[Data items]

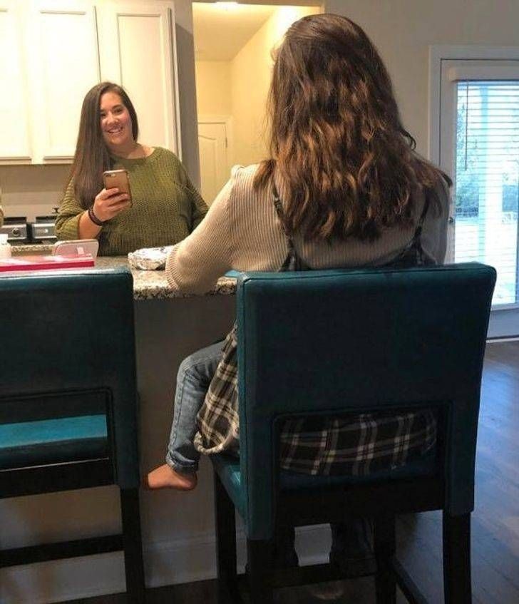 3. Perempuan itu tampak mempunyai kaki kecil, tapi sebenarnya dia sedang memangku anak kecil.
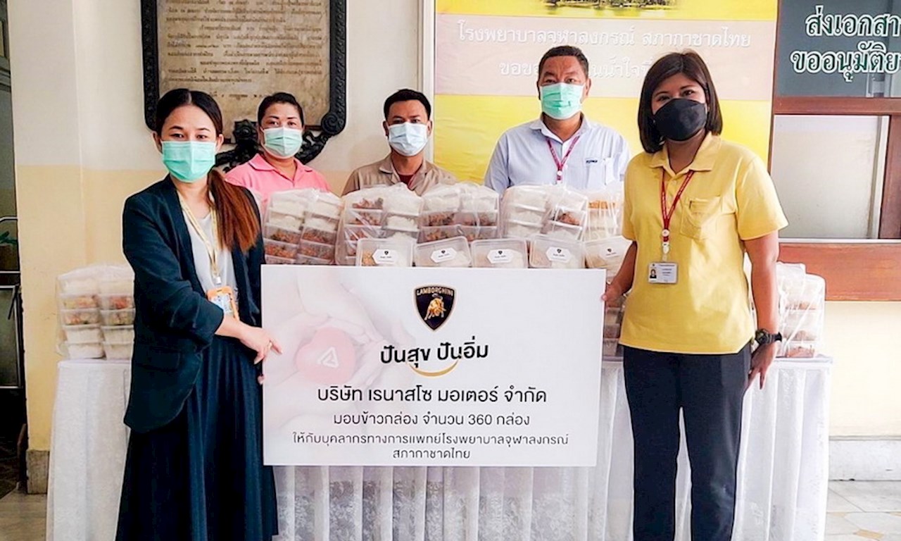 บริษัท เรนาสโซ มอเตอร์ จำกัด ตัวแทนจำหน่ายรถยนต์ลัมโบร์กินีอย่างเป็นทางการรายเดียวในประเทศไทย ตอกย้ำเจตนารมณ์ในการร่วมเป็นส่วนหนึ่งของสังคม ผุดโปรเจค "ปันสุข ปันอิ่ม" เพื่อสนับสนุนผู้ประกอบการร้านอาหารขนาดเล็กที่ได้รับผลกระทบจากสถานการณ์การระบาดของโควิด-19 ตลอดจนบรรเทาความเดือดร้อนให้แก่ผู้ติดเชื้อที่กักตัวในชุมชนในพื้นที่กรุงเทพมหานคร โดยส่งมอบอาหารกล่องที่ปรุงสดใหม่เป็นที่เรียบร้อยแล้วรวม 1,500 กล่อง ตลอดเดือนกันยายนที่ผ่านมา อาทิ ชุมชนสามัคคีร่วมใจ บางเขน, โรงพยาบาลรามาธิบดี มหาวิทยาลัยมหิดล, ชุมชนชายคลองเสนานิคม เขตจตุจักร, โรงพยาบาลจุฬาลงกรณ์ สภากาชาดไทย, ศูนย์สร้างสุขทุกวัย เขตจตุจักร
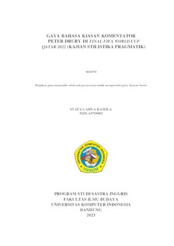 Kamila, Syafa Cahya (2023) Gaya Bahasa Kiasan Komentator Peter Drury Di Final Fifa World Cup Qatar 2022 (Kajian Stilistika Pragmatik). Other thesis, Universitas Komputer Indonesia.
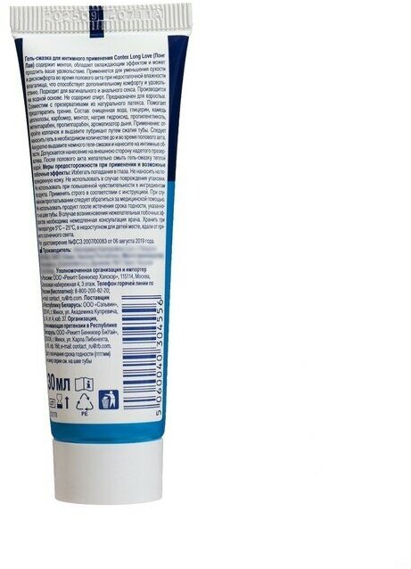 Гель-смазка Contex Long Love с охлаждающим эффектом, 50 г, 30 мл, ментол, 1 шт.
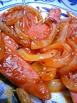 楽天レシピ:「ウインナーと玉ねぎのケチャップ炒め 」より
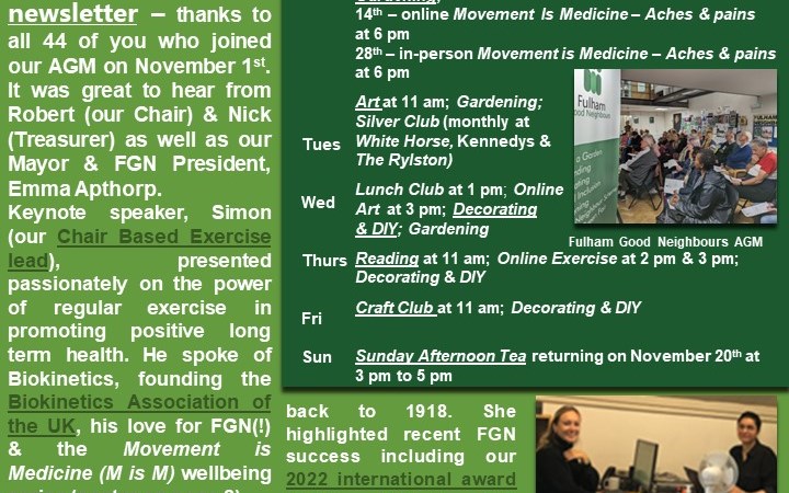 - The FGN weekly activities - Summary of the AGN meeting - Introducing new staff members - Movement is Medicine talks - Upcoming events
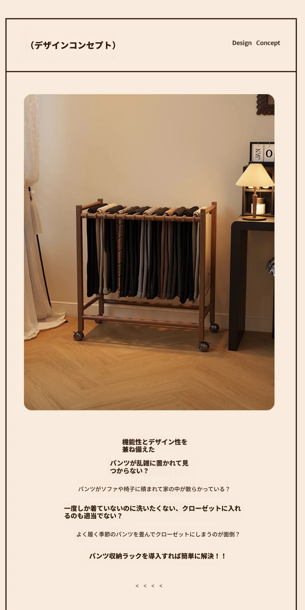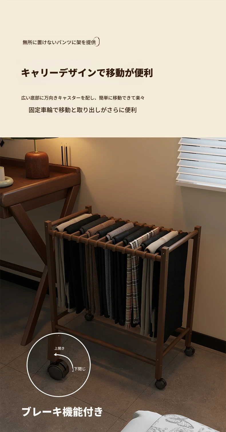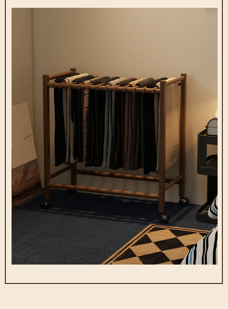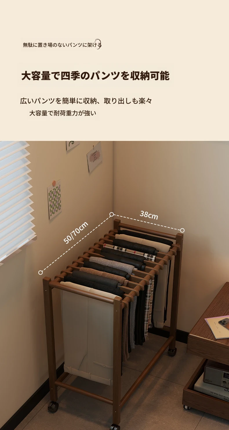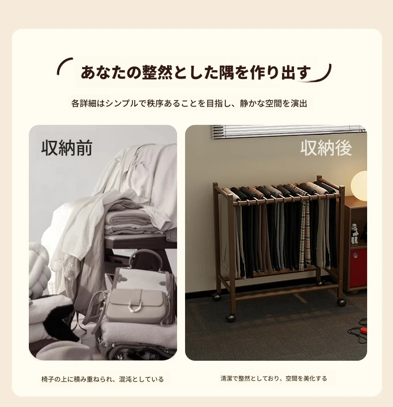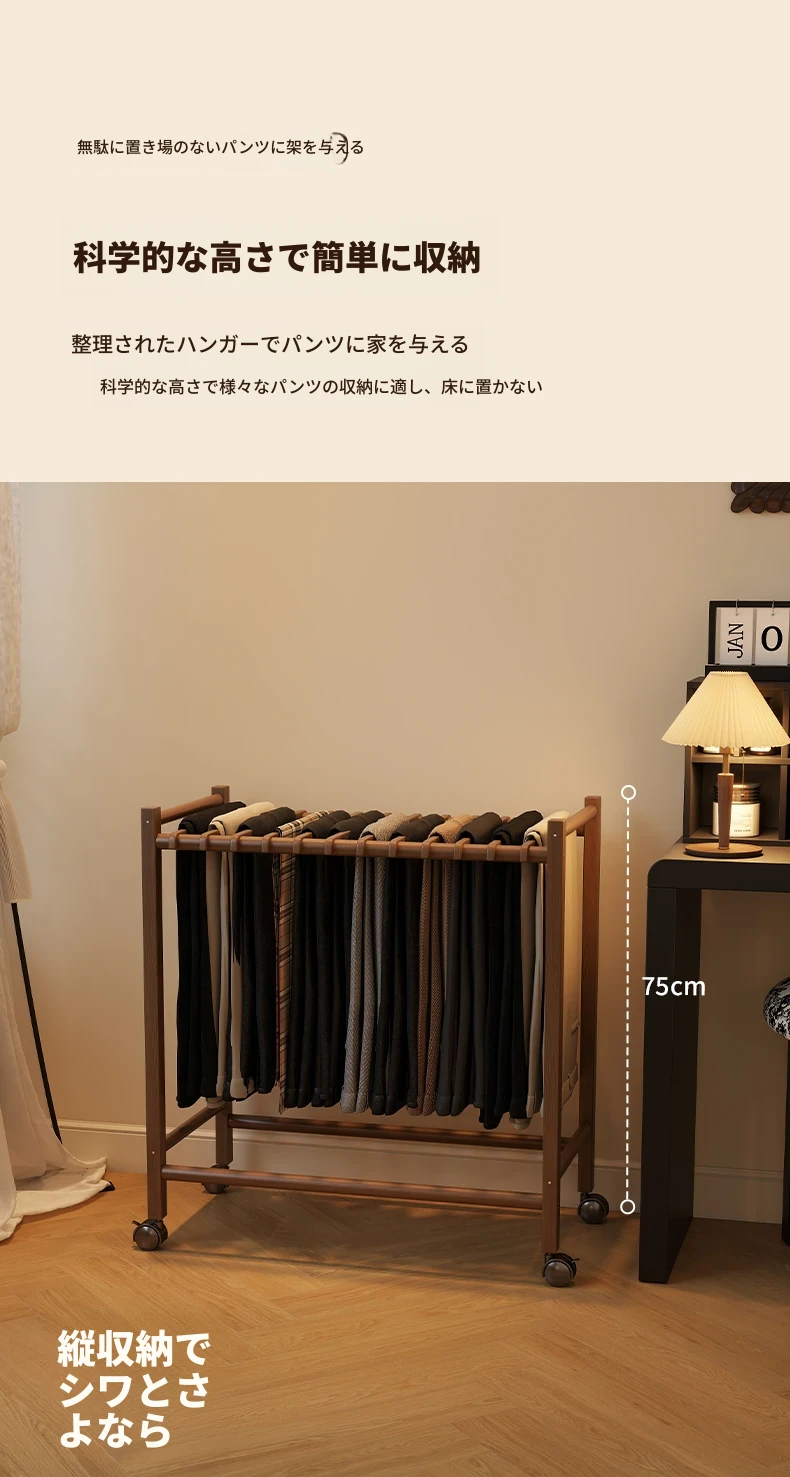移動式無垢材フロア多機能衣類収納ラック - キャスター付きで使いやすく、衣類もスッキリ整理!自宅での洗濯物干しにも最適な便利アイテム!
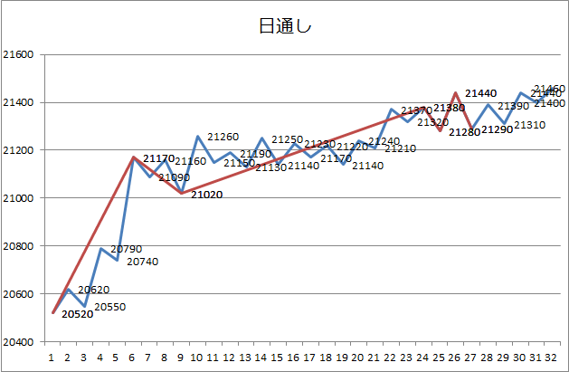 (1)5:10の足の21460から21440を経て9:00の足の21460超えを買う
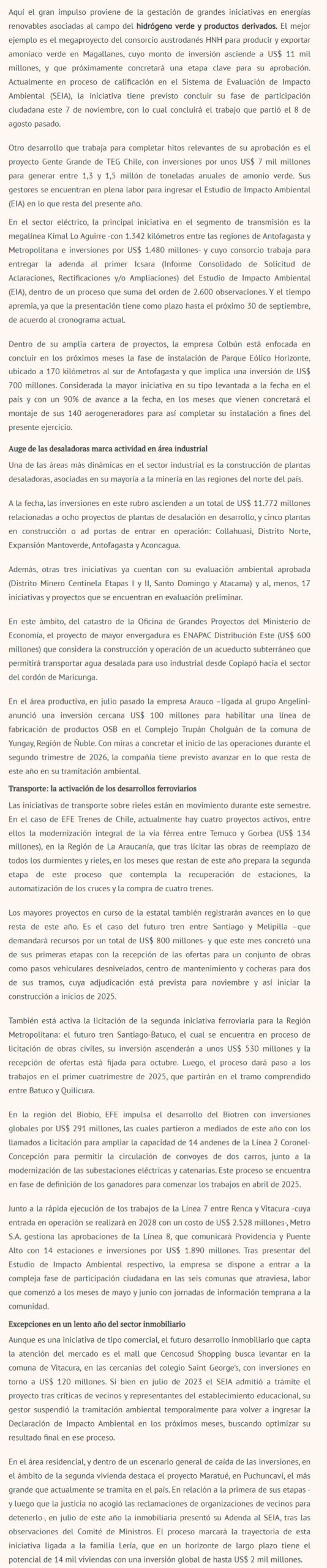 DIARIO FINANCIERO – Desarrollos en energías verdes, una sostenida inversión en mineras y desaladoras y materializar los planes en concesiones de infraestructura y ferrocarriles, mantendría la actividad en la segunda mitad de este año
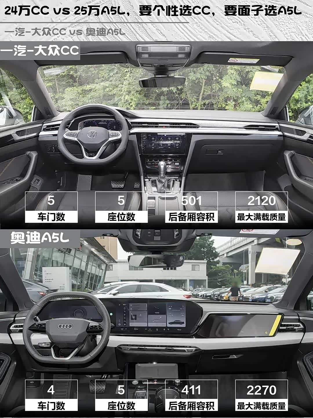 要个性操控选CC,无框车门+大后备箱适合爱玩的年轻人;要品牌格调选A5L,内饰豪华感和底盘舒适性更胜一筹。我个人更爱CC的暴力美学,毕竟省下的钱够加三年油了!
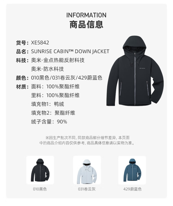 哥伦比亚男式休闲防水羽绒外套XE5842
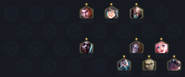 阵容整体思路依旧是前期3发明打工,只要海克斯前期不选特备弱的,基本稳赢外面,除了前期拿2费小组的狗,然后就是按部就班补卡即可,3发明基础上补精密/挑战/名流/刺客都是非常有角度的,目的就是混到7人口即可,每个人口要保证有对应的质量即可,2/3费2星一定要有的。
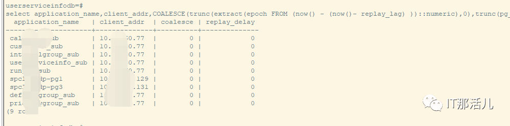 replay_lsn)/1024) replay_delay from pg_stat_replication;
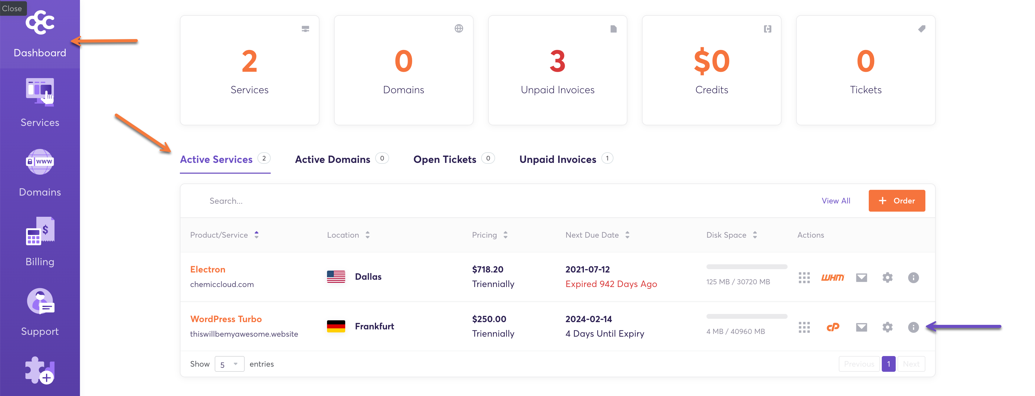 Additionally, a quick method to find your server’s IP address is by logging into your Client Area. Once logged in, click on the “Server Information” icon associated with your hosting service.

What you have to do: The answer must be the lines of the entries above, written out exactly from the first through the one with "哥伦比亚男式休闲防水羽绒外套XE5842", and no pictures.

Worked solution:
 3. Perempuan itu tampak mempunyai kaki kecil, tapi sebenarnya dia sedang memangku anak kecil.
 บริษัท เรนาสโซ มอเตอร์ จำกัด ตัวแทนจำหน่ายรถยนต์ลัมโบร์กินีอย่างเป็นทางการรายเดียวในประเทศไทย ตอกย้ำเจตนารมณ์ในการร่วมเป็นส่วนหนึ่งของสังคม ผุดโปรเจค "ปันสุข ปันอิ่ม" เพื่อสนับสนุนผู้ประกอบการร้านอาหารขนาดเล็กที่ได้รับผลกระทบจากสถานการณ์การระบาดของโควิด-19 ตลอดจนบรรเทาความเดือดร้อนให้แก่ผู้ติดเชื้อที่กักตัวในชุมชนในพื้นที่กรุงเทพมหานคร โดยส่งมอบอาหารกล่องที่ปรุงสดใหม่เป็นที่เรียบร้อยแล้วรวม 1,500 กล่อง ตลอดเดือนกันยายนที่ผ่านมา อาทิ ชุมชนสามัคคีร่วมใจ บางเขน, โรงพยาบาลรามาธิบดี มหาวิทยาลัยมหิดล, ชุมชนชายคลองเสนานิคม เขตจตุจักร, โรงพยาบาลจุฬาลงกรณ์ สภากาชาดไทย, ศูนย์สร้างสุขทุกวัย เขตจตุจักร
 Kamila, Syafa Cahya (2023) Gaya Bahasa Kiasan Komentator Peter Drury Di Final Fifa World Cup Qatar 2022 (Kajian Stilistika Pragmatik). Other thesis, Universitas Komputer Indonesia.
 Гель-смазка Contex Long Love с охлаждающим эффектом, 50 г, 30 мл, ментол, 1 шт.
 楽天レシピ:「ウインナーと玉ねぎのケチャップ炒め 」より
 - The FGN weekly activities - Summary of the AGN meeting - Introducing new staff members - Movement is Medicine talks - Upcoming events
移動式無垢材フロア多機能衣類収納ラック - キャスター付きで使いやすく、衣類もスッキリ整理!自宅での洗濯物干しにも最適な便利アイテム!
 (1)5:10の足の21460から21440を経て9:00の足の21460超えを買う
 DIARIO FINANCIERO – Desarrollos en energías verdes, una sostenida inversión en mineras y desaladoras y materializar los planes en concesiones de infraestructura y ferrocarriles, mantendría la actividad en la segunda mitad de este año
 要个性操控选CC,无框车门+大后备箱适合爱玩的年轻人;要品牌格调选A5L,内饰豪华感和底盘舒适性更胜一筹。我个人更爱CC的暴力美学,毕竟省下的钱够加三年油了!
 哥伦比亚男式休闲防水羽绒外套XE5842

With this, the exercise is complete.